Whenever LIUNA’s members needed him, Jim was up to the challenge. He was the driving force behind finalizing the Silica/Asphalt Milling Machine Partnership, which in the span of a few years led the entire industry to adopt controls that reduced worker exposures to harmful asphalt fumes and silica during road work. Dr. Melius was not done protecting workers from the harmful effects of silica, however. Speaking before OSHA in 2014 about its proposed silica rule, he urged the inclusion of medical surveillance and laid out how it could be achieved while still ensuring the confidentiality of workers’ medical information. Medical surveillance requirements, including provisions to protect workers’ medical records, were included in OSHA’s final silica rule in 2016.

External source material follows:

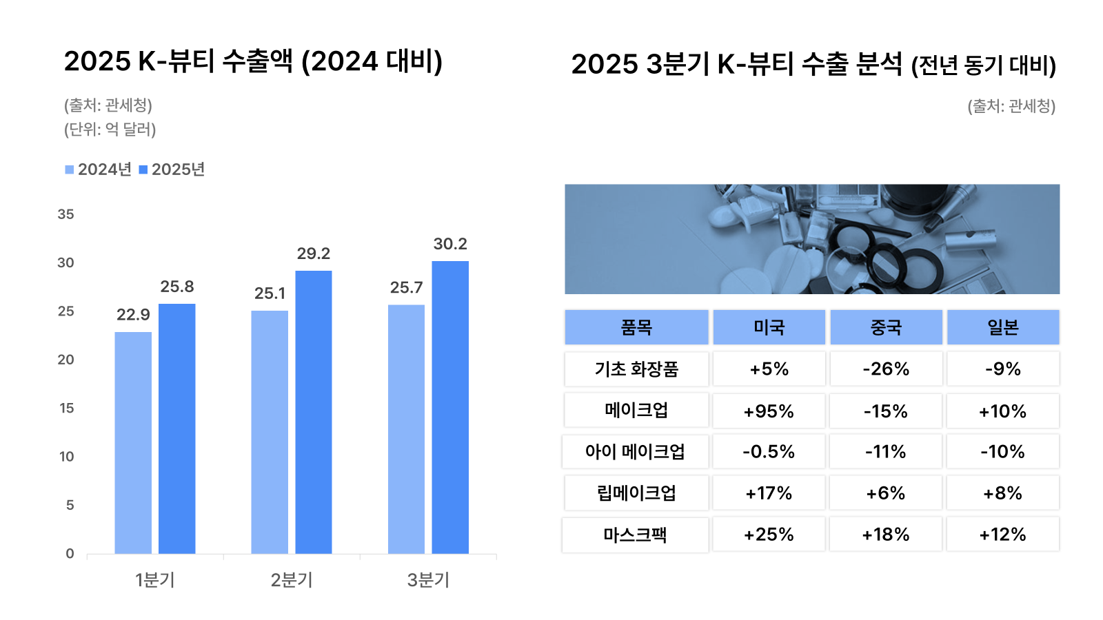 K-๋ทฐํฐ์ ์ต๋ ์์ถ๊ตญ์ด ์ค๊ตญ์์ ๋ฏธ๊ตญ์ผ๋ก ๋ฐ๋๋ฉฐ ๊ธ๋ก๋ฒ ํ๋๊ฐ ์์ ํ ๋ค์งํ์ด์. ์ฌํด 3๋ถ๊ธฐ๊น์ง K-๋ทฐํฐ ์จ๋ผ์ธ ํ๋งค์ก ์ค ๋ฏธ๊ตญ์ด 51%(12์ต ๋ฌ๋ฌ)๋ฅผ ์ฐจ์งํ๋ฉฐ, ์ค๊ตญ(23%)์ ์ ์น๊ณ ์ต๋ ์์ฅ์ผ๋ก ๋ถ์ํ์ด์. K-๋ทฐํฐ์ ์ผ๋ณธ ๋ด ์ธ๊ธฐ๋ ๋งค๋ ๋ ์๋ฆฟ์ ์ฑ์ฅ์ธ๋ฅผ ๊ธฐ๋กํ๋ฉฐ, ๋ ์ด ๊ฐ์๋ก ๋์์ง๊ณ ์์ด์. ์ผ๋ณธ 4๋ ์คํ๋ง์ผ์ธ โํํ ์ฌํฌ(Qoo10 Japan)โ์ ๋ทฐํฐ ์ด์์ฆ ์์ ์ ํ ์ค 87%๋ฅผ ํ๊ตญ ๋ธ๋๋๊ฐ ํฉ์ธ๋ฉฐ ์์ฅ์ ์์ ํ ์ฅ์ ํ์ด์. ์ด๋ K-๋ทฐํฐ๊ฐ ์ค๊ตญ ์์กด๋๋ฅผ ํํผํ๊ณ , ํธ๋ ๋ํ ์ ํ๋ ฅ๊ณผ ๊ฐ์ฑ๋น๋ฅผ ์์ธ์ ์๊ตฌ๊ถ๊ณผ ์ผ๋ณธ ์ฃผ๋ฅ ์์ฅ์ ์ฑ๊ณต์ ์ผ๋ก ์์ฐฉํ์์ ์๋ฏธํด์.

To those who knew him well, Jim’s dedication to the health and safety of working people came as no surprise. The son of working class parents, his father was a farmer and his mother was a first-grade teacher. He graduated first from Brown University and then from the University of Illinois School of Medicine before receiving his doctorate from the University of Illinois School of Public Health. It didn’t take long to find his niche as an advocate for worker health. Before joining the New York State Laborers’, Dr. Melius safeguarded worker health at the National Institute of Occupational Safety and Health (NIOSH) and the Center to Protect Workers’ Rights.
“I was still early in my occupational health and safety career when I first met Jim,” said Walter Jones, Director of the LHSFNA’s OSH Division. “He always let the science lead the way, and I learned a lot from that practical approach. When Jim spoke, people listened, because they knew he had the evidence to back it up.”
In an obituary for Dr. Melius published in the New York Times, Richard Duffy, a former official with the International Association of Fire Fighters, talked about how Dr. Melius handled NIOSH’s response after a 1980 explosion and fire at a hazardous chemical storage site in New Jersey. “He flew in and got NIOSH a trailer to do medical evaluations of the firefighters,” said Duffy. “It was one of the first times that firefighters were evaluated after a major incident, and that continues today.” In the same piece, Dr. Philip J. Landrigan, a longtime colleague who collaborated with Dr. Melius on the 9/11 medical program, had this to say about Jim’s impact on worker safety and health: “I think it’s fair to say that Jim Melius was the senior medical officer in the entire American labor movement.”
Jim is survived by his wife, Melanie, and two sons, Jeremy and Ehren. A memorial service is being planned for Monday, March 26, 2018 at Mount Sinai Hospital in New York City.
Jim will be deeply missed by everyone here at the Fund. We will remember him as a good friend, a respected colleague and a man who devoted his life to helping working people and others in need. When workers were sick and in need of a voice, there was no better advocate than Dr. Jim Melius.